*What you have to do*
Only one span of the material below is wanted. Output it exactly, from the line with "今年は、無数のミラーボールを" through the line with "23.01.2025В 1а классе", without any pictures.

*Excerpted data*

____

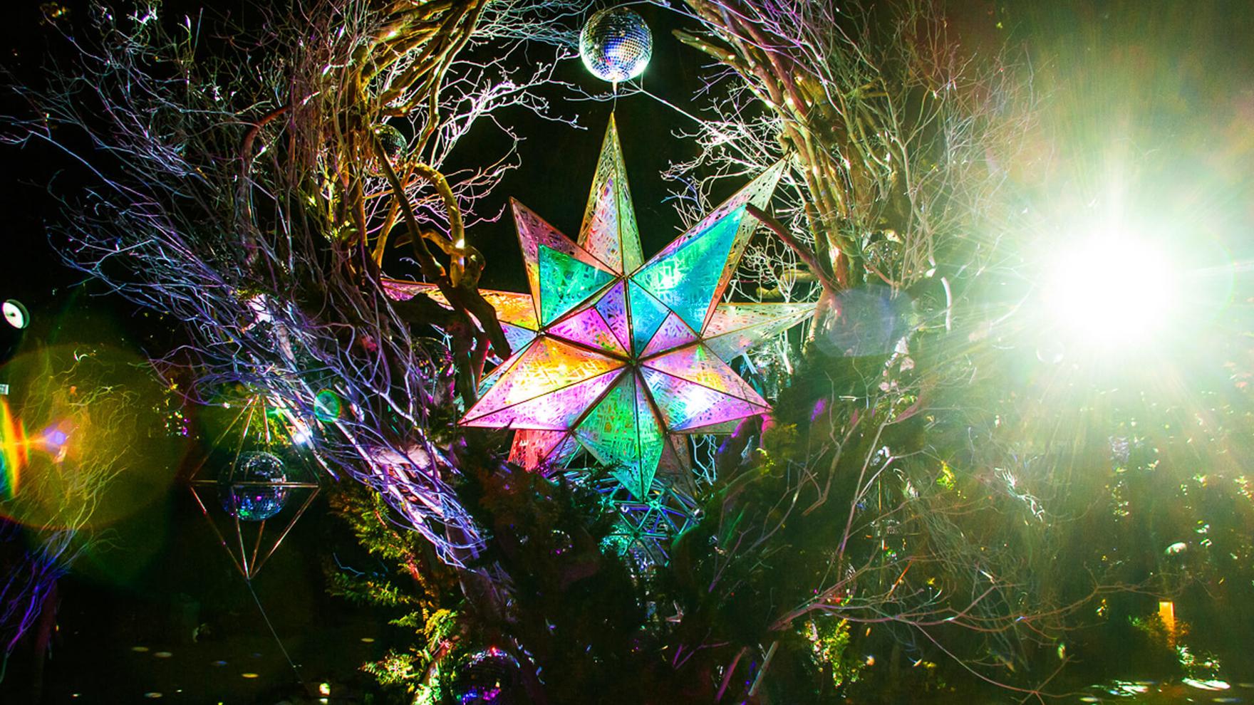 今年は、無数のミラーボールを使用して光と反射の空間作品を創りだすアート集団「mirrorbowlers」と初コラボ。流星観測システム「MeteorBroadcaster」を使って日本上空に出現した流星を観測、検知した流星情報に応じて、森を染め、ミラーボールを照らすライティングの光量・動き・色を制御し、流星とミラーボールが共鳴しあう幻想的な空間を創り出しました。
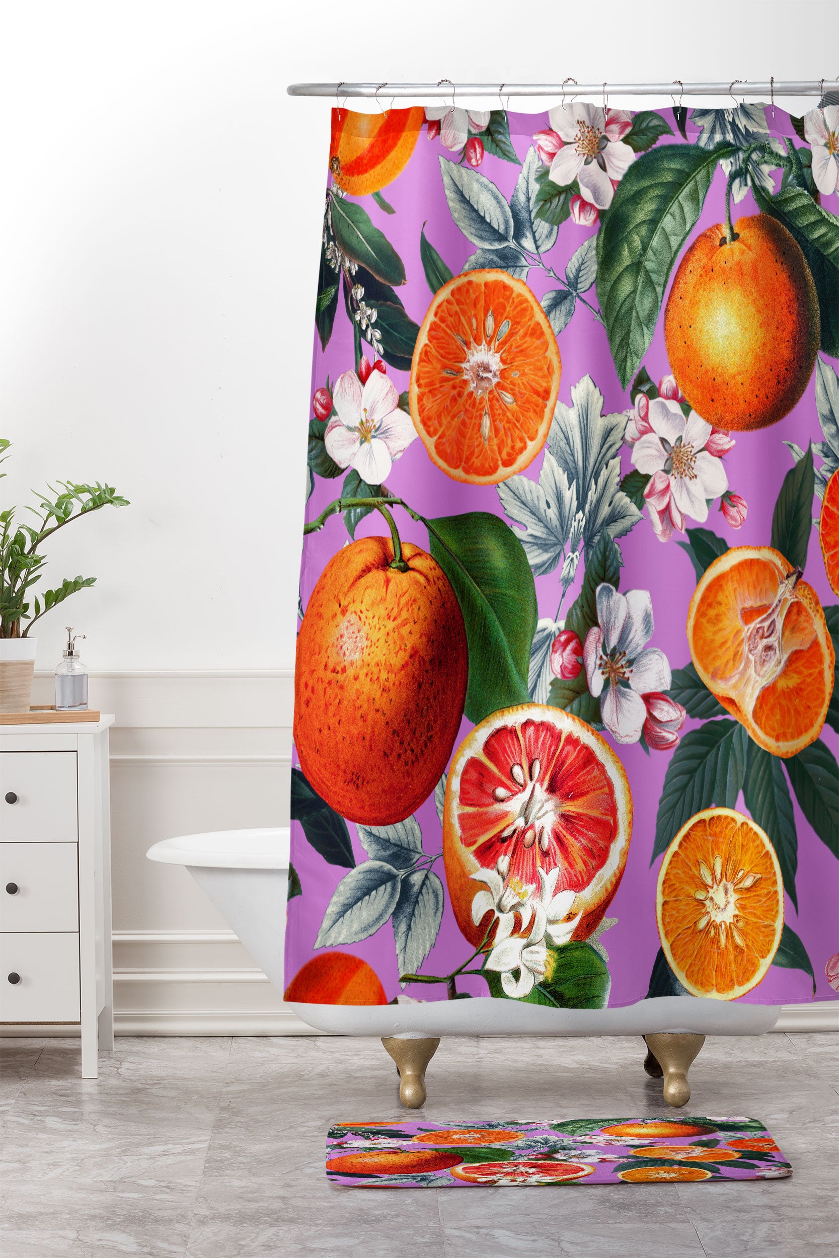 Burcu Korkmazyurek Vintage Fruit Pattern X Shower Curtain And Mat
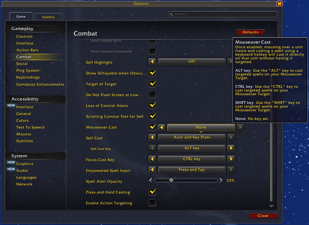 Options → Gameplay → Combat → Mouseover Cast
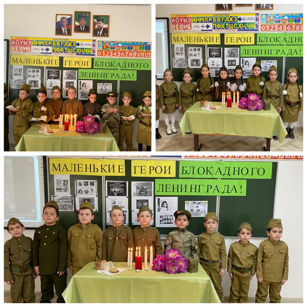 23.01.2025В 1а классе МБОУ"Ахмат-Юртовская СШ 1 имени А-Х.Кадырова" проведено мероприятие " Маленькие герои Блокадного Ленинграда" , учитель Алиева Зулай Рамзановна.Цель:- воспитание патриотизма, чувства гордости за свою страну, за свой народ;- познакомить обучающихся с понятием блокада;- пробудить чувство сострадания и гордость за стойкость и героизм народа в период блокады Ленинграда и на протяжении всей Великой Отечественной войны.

____

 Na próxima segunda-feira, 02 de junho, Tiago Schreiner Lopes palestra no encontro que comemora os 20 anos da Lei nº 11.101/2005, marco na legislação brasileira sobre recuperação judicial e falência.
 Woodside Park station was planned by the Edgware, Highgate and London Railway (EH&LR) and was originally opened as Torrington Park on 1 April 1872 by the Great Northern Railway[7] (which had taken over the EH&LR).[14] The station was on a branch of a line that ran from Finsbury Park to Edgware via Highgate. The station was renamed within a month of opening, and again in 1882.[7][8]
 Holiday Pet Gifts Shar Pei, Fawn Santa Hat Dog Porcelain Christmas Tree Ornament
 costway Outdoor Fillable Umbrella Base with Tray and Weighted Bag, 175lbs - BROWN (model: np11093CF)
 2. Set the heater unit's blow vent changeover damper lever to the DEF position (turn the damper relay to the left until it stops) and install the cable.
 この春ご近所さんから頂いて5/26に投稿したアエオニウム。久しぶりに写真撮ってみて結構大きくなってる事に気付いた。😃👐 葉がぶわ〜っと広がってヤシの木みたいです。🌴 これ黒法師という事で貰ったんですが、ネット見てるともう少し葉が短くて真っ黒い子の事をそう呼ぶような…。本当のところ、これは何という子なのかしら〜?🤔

____

*Exercise output*
 今年は、無数のミラーボールを使用して光と反射の空間作品を創りだすアート集団「mirrorbowlers」と初コラボ。流星観測システム「MeteorBroadcaster」を使って日本上空に出現した流星を観測、検知した流星情報に応じて、森を染め、ミラーボールを照らすライティングの光量・動き・色を制御し、流星とミラーボールが共鳴しあう幻想的な空間を創り出しました。
 Burcu Korkmazyurek Vintage Fruit Pattern X Shower Curtain And Mat
 Options → Gameplay → Combat → Mouseover Cast
 23.01.2025В 1а классе МБОУ"Ахмат-Юртовская СШ 1 имени А-Х.Кадырова" проведено мероприятие " Маленькие герои Блокадного Ленинграда" , учитель Алиева Зулай Рамзановна.Цель:- воспитание патриотизма, чувства гордости за свою страну, за свой народ;- познакомить обучающихся с понятием блокада;- пробудить чувство сострадания и гордость за стойкость и героизм народа в период блокады Ленинграда и на протяжении всей Великой Отечественной войны.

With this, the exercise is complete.